In my opinion, the ship has already sailed for the FTC to have any say in how Facebook interoperates its own applications. If they were truly concerned about a monopoly on social media, the sale of those apps should have been blocked in the first place.

What is the point of telling Facebook not to make their apps interact with each other? Are they thinking Facebook employees can't see the databases of their other apps? Is the FTC going to pretend they know anything about how the databases are supposed to operate? What about one big database with an App field; would they know if Facebook did that? What about multiple databases on the same server; is that an antitrust violation?

The entire rationale for looking at Facebook now just seems like going after an easy target. Either evaluate the antitrust arguments on their own merit and break those apps off Facebook, or leave it alone.


The timing of some of this feels disingenuous... it wasn’t that long ago Facebook completed their graph API migration... functionally their is not a “platform separation” any more their are just different labels on Facebook APIs this change is now heavily reflected in dev tools... Facebook will simply argue that any disentanglement would have high impact to business and move on with their day. The people who work for the government and do this stuff know enough about how platforms work to know that the time to do this was over a year ago before this huge shift was locked in.

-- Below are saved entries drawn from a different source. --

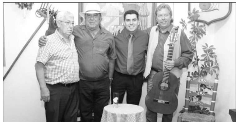
Componentes de la entidad con artistas flamencos.
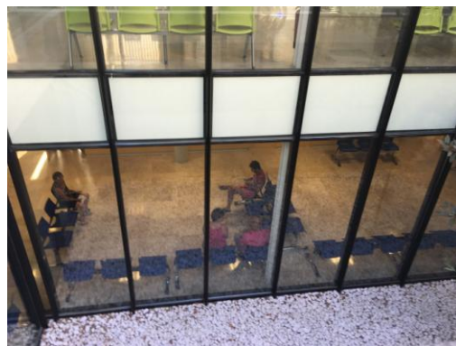
Foto: Inauguración y funcionamiento del Consultorio de la Consejería de Salud de la Junta de Andalucía.

La segunda planta del Centro de Servicios Sanitarios y Sociales, se encuentran las aulas de formación donde se han impartido cursos de formación orientados a yacimientos emergentes de empleo, como los cursos que se han impartido, también cofinanciados por el FEDER por valor de 69.142,40 €, de cofinanciación, y se ha conseguido una gran inserción laboral, más de 250 alumnos se han formado de los cuales más 180 alumnos han pasado entrevistas de trabajo y están trabajando de forma estable, la mayoría y en forma de refuerzo en los barcos de la Naviera Armas. Con lo que el grado de inserción laboral ha sido muy elevado.
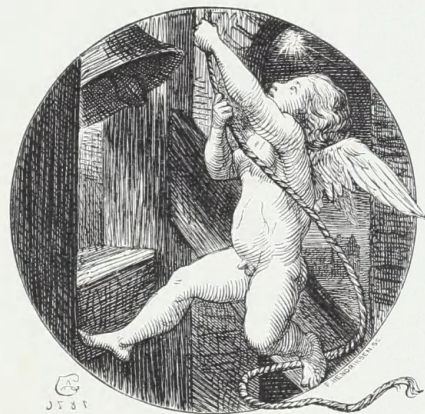
Træsnit efter Tegning af AUG. JERNDORFF. (»Vignetter« 1877.)

baade i tidligere Dage og i sine sidste Aar. Hvor lykkeligt og bredt han evnede at føre Pennen viser det i Fotolitografi trykte Omslag til et Musikhæfte, som her gengives i lidt formindsket Maal. Sammen med de andre Prøver paa hans Illustrationskunst, som vi har kunnet samle, giver det et Begreb om Udviklingen, han gennemløb. I Modsætning til den Skæbne, der ellers er fælles for Kunstnere, at slige smaa Arbejder taber i Kraft og Friskhed, naar Ungdommen er forbi, vandt Jerndorff stadig fremad og hans Illustrationer fik en dekorativ Holdning, der ikke før var naaet hos os. — I sine senere Aar gav han selv villigt TH. BINDESBØLL'S Indflydelse Part i Resultatet, naar dette var godt, i ethvert Tilfælde blev det nære Forhold, der gennem mange Aar bestod mellem Jerndorff og Bindsbøll, et gensidigt befrugtende. Jerndorff var den forsigtigere og mere maadeholdne i Brugen af de kraftige Midler, og han dulmede nu og da Bindsbølls Glubskhed, men selv fik han til Gengæld Mod til at bruge Sort og Hvidt med et Fynd, som stammede fra Bindsbølls Tilskud i Samarbejdet.

If it got to that and it's not some sort of WSJ attempt to advocate for this sort of thing, facebook must fight it tooth and nail, and stop these attempts at governmental micromanagement once and for all.

It's suspect that they are going after tech companies which are national treasures but are enemies to corporate media, it's strange that this sort of action isn't being considered against actual malicious monopolists that the press isn't constantly attacking. No one is suggesting going after disney for instance even though they have that market cornered.


What market exactly does Disney have “cornered”?

But it should give anyone pause when the government takes upon itself the power to decide how a private company architects its solutions.


Entertainment. I guarantee anybody in your average household is a fan of something Disney outright bought the rights to. Whether its Marvel (if I hear about another reboot of X-Men or another Avengers movie imma pull my hair, OTOH I did like Guardians... Yikes even I am falling for it!) then theres Star Wars which has a huge following of people from all ages. The typical Disney public domain rip offs as well. The insane amount of music they own the rights to.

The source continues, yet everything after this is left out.